Question Four
A simple pendulum is used in a physics laboratory experiment to obtain an experimental value for the
gravitational acceleration, g . A student measures the length of the pendulum to be 0.510 meters, displaces
it 10 o
from the equilibrium position, and releases it. Using a stopwatch, the student determines that the
period of the pendulum is 1.44 s. Determine the experimental value of the gravitational acceleration in
two decimal places and the angular speed of the pendulum.

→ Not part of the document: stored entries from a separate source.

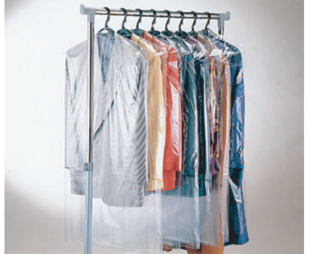
●ハンガーカバー用(ストレッチ)
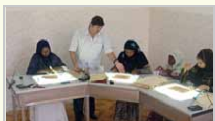
- Unité pour la restauration de manuel
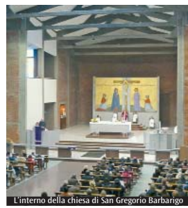
L'interno della chiesa di San Gregorio Barbarigo
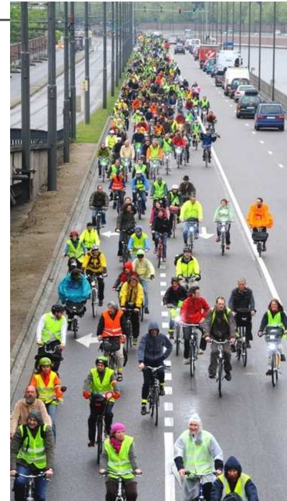
Velo-city 2009 Konferenz in Brüssel
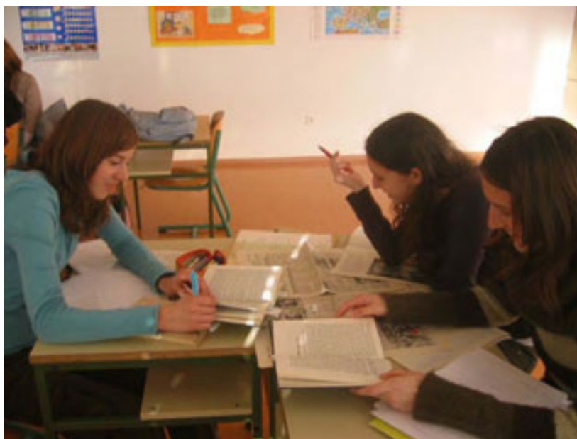
slika 2: RAZISKOVALKE PRI DELU (februar 2007)
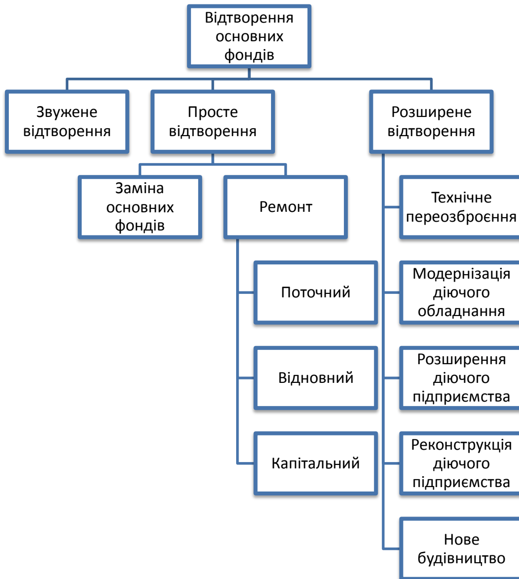
Рисунок 2 – Типи та форми відтворення основних фондів

Форми відновлення основних фондів відрізняються між собою розмірами необхідного фінансування та отриманими результатами від їх проведення: звужене відтворення передбачає зменшення загальної сукупності основних фондів, просте відтворення – збереження споживчих вартостей основних фондів (відновлюється попередня виробнича потужність), а розширене відтворення – збільшення споживчих вартостей основних фондів, їх загальної кількості та якості, що забезпечує вищий рівень продуктивності обладнання.
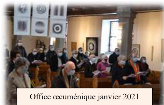
Office œcuménique janvier 2021

en communion et partage avec nos frères et sœurs catholiques de la communauté de paroisses du Pays du Haut-Barr : le dimanche 16 janvier dans le cadre de la semaine de prière pour l'unité des chrétiens et le dimanche 6 mars pour la Journée mondiale de prière , préparée cette année par les femmes d'Irlande du Nord, du pays de Galles et d'Angleterre.
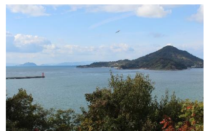
港山城跡より由利島・興居島
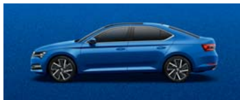
RACE BLUE METALLIC
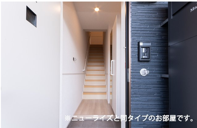
※ニューライズと同タイプのお部屋です。
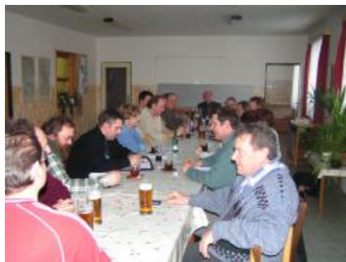
V solnické kuželně

16.1., 20.2., 27.3., 24.4., 22.5., 31.7., 28.8., 2.10., 18.12.
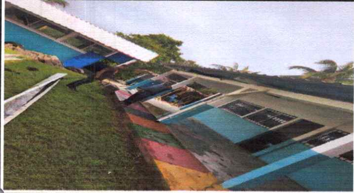
Canales y bajadas de agua pluvial: canal
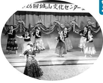
▲練習の成果をステージで(昨年度)

市民ギャラリーのご案内 ▼期日・出展者 11月1日(金) ▼会場 市役所1階ロビー ▼問合せ 稲城市芸術文化団体連合会 11月5日(火)~11月29日(金) YUKIKO(アクリル画)
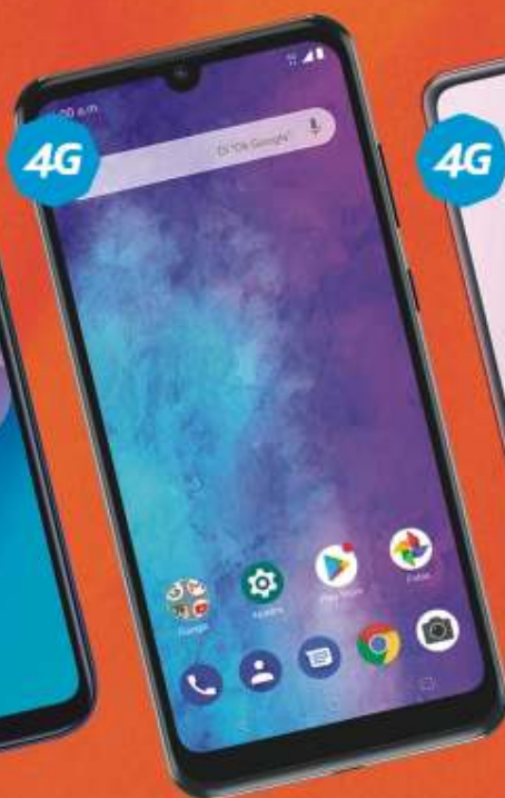
ZTE A5 2020 $2,899
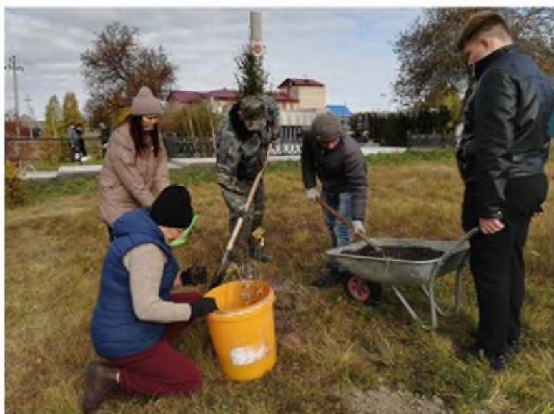
Акция «Сад Памяти»
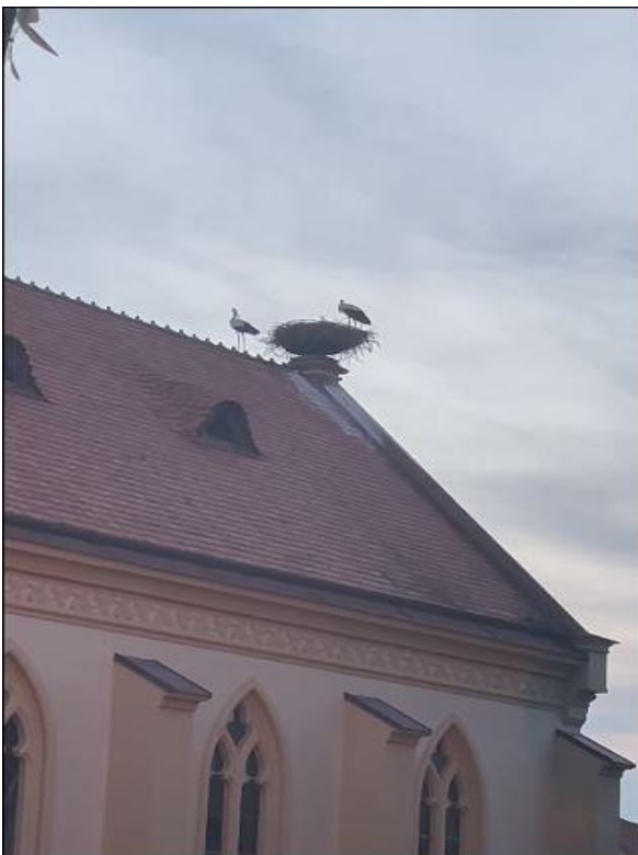
18.07. Das leere Nest wird begutachtet.

Period=2PIsqrt(l/g) solve for g.
To determine the experimental value of the gravitational acceleration and the angular speed of the pendulum, we can use the formula for the period of a simple pendulum.
The formula for the period of a pendulum is given by:
T = 2π√(L/g)
Where:
T = Period of the pendulum
L = Length of the pendulum
g = Gravitational acceleration
In this case, the student has measured the length of the pendulum (L) as 0.510 meters and determined the period (T) as 1.44 seconds.
To find the experimental value of the gravitational acceleration (g), we can rearrange the formula as follows:
g = (4π²L) / T²
Substituting the known values gives:
g = (4π² * 0.510) / (1.44²)
Let's calculate it step by step:
Step 1: Calculate (1.44²)
1.44² = 2.0736
Step 2: Calculate (4π² * 0.510)
4π² = 39.478
39.478 * 0.510 = 20.19598
Step 3: Calculate (20.19598 / 2.0736)
20.19598 / 2.0736 = 9.7449
Therefore, the experimental value of the gravitational acceleration is approximately 9.74 m/s².
To find the angular speed of the pendulum, we can use the formula:
ω = 2π / T
Where:
ω = Angular speed of the pendulum
T = Period of the pendulum
Substituting the known value of T = 1.44 seconds, we can calculate:
ω = 2π / 1.44
Let's calculate it:
Step 1: Calculate (2π)
2π = 6.2832
Step 2: Calculate (6.2832 / 1.44)
6.2832 / 1.44 = 4.356
Therefore, the angular speed of the pendulum is approximately 4.36 rad/s.